Selain berfokus pada proses pengecoran dan uji material, Lutviasari juga menjajaki kolaborasi dengan berbagai pusat riset di BRIN serta institusi luar, termasuk bidang kedokteran. Ia menyebut, riset jangka panjang ini sejalan dengan upaya membangun ekosistem riset hingga hilirisasi produk.
”Kami memang baru sampai pada tahap awal, tapi jika semua tahapan, mulai dari pengolahan, karakterisasi, uji korosi, hingga uji biologi, bisa dikuasai, peluang untuk menghasilkan implan magnesium dari Indonesia akan semakin besar,” katanya.
Riset dan inovasi mengenai pengembangan implan tulang berbasis magnesium ini turut mengantarkan Lutvia menjadi salah satu penerima Penghargaan L’Oréal-UNESCO For Women in Science (FWIS) Indonesia 2025. Penghargaan ini diserahkan dalam acara di Kementerian Pendidikan Tinggi, Sains, dan Teknologi, November lalu.
Wakil Menteri Pendidikan Tinggi, Sains, dan Teknologi Stella Christie mengatakan, bukti ilmiah menunjukkan perempuan memiliki kemampuan sama dengan laki-laki dalam sains dan matematika.

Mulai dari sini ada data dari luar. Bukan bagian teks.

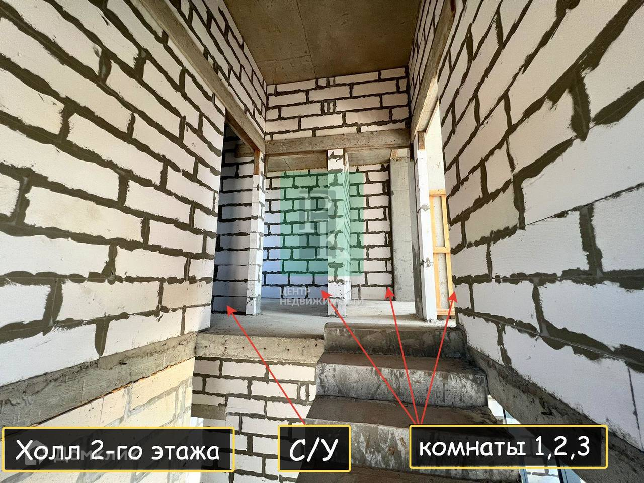 -2 этаж: санузел, три комнаты
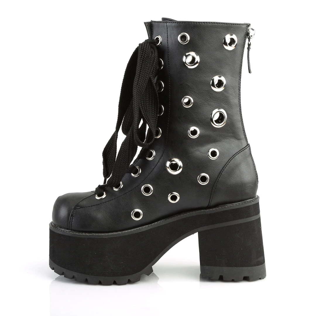 3 3/4″ (95mm) Heel, 2 1/4″ (57mm) Platform Lace-Up Front Ankle Boot Featuring Multi-Size Eyelets on Upper, and 1″ Wide Shoe Lace, Back Zip Closure w/ Skull Zipper Head
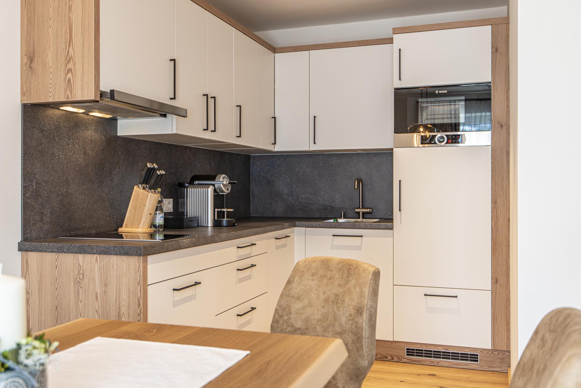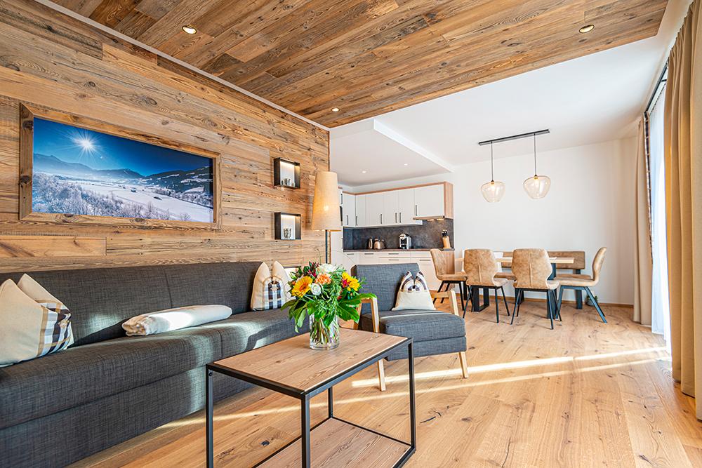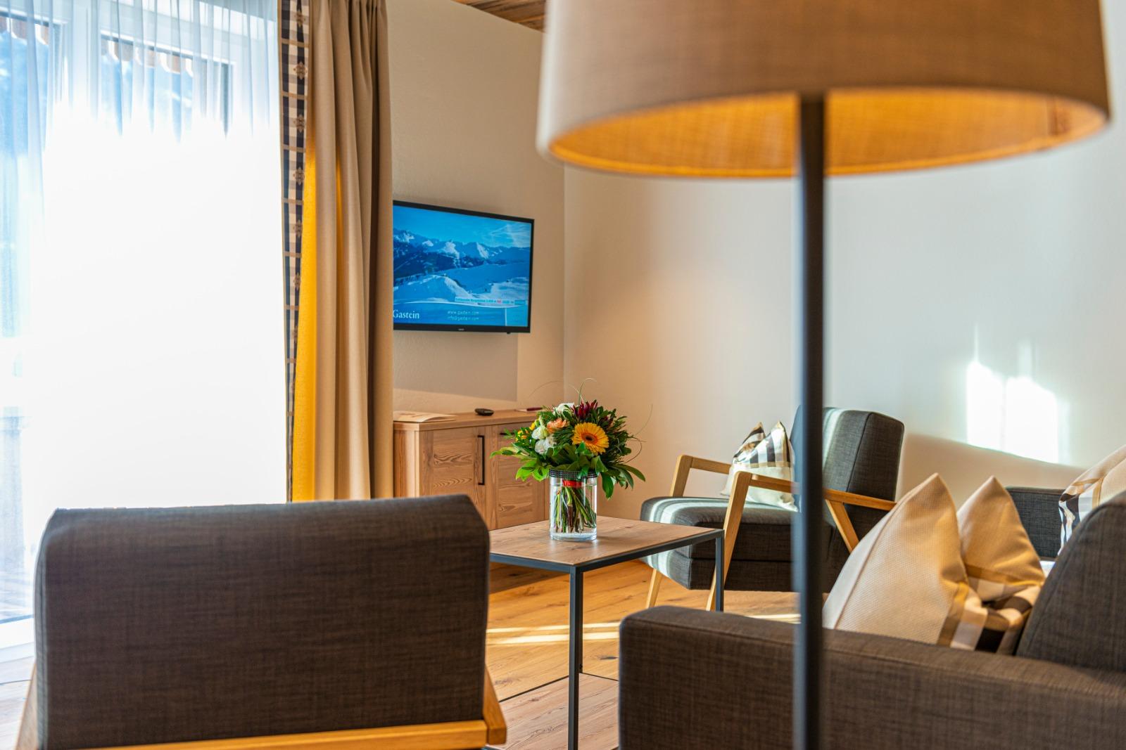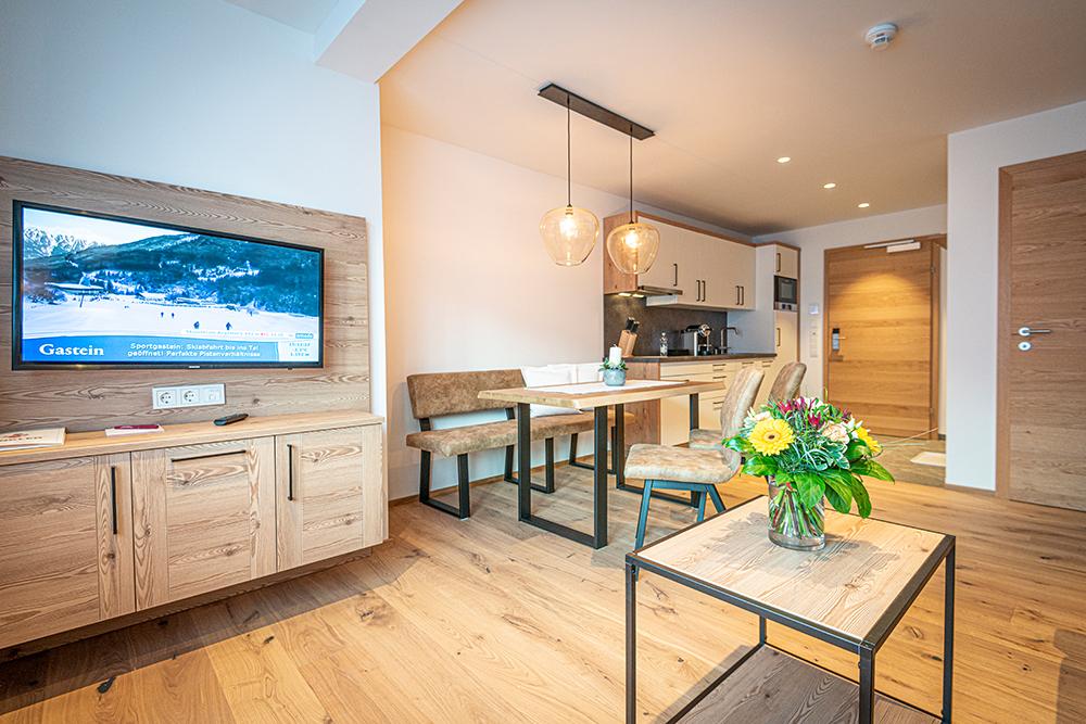 In the newly built chalets you live in the best location with the highest level of comfort. All apartments are between 40 m2 and 80 m2 in size and are named after the local mountains. The name says it all, because the magnificent view is guaranteed to make mountain lovers' hearts beat faster. The complete kitchen equipment, fiber optic internet and underfloor heating are just as standard in all units as high-quality local materials. All apartments are equipped with balconies, from which you can enjoy the wonderful panoramic view of the Gastein mountains without restrictions. On request, fresh pastries can be brought to your door in the morning. A special highlight is the in-house "Genießerbar", a cozy meeting place for breakfast and lunch in a modern, alpine ambience. Here you can start the day well strengthened every morning à la carte (for a surcharge).

Namun, kesenjangan masih terjadi dalam kesempatan kerja, perbedaan gaji, dan representasi di bidang sains, teknologi, rekayasa, dan matematika (STEM).
Oleh karena itu, upaya meningkatkan jumlah partisipasi perempuan dalam bidang sains bukan hanya masalah kesetaraan, melainkan juga persoalan ekonomi. Negara akan merugi jika tidak memanfaatkan potensi individu terbaik di bidangnya.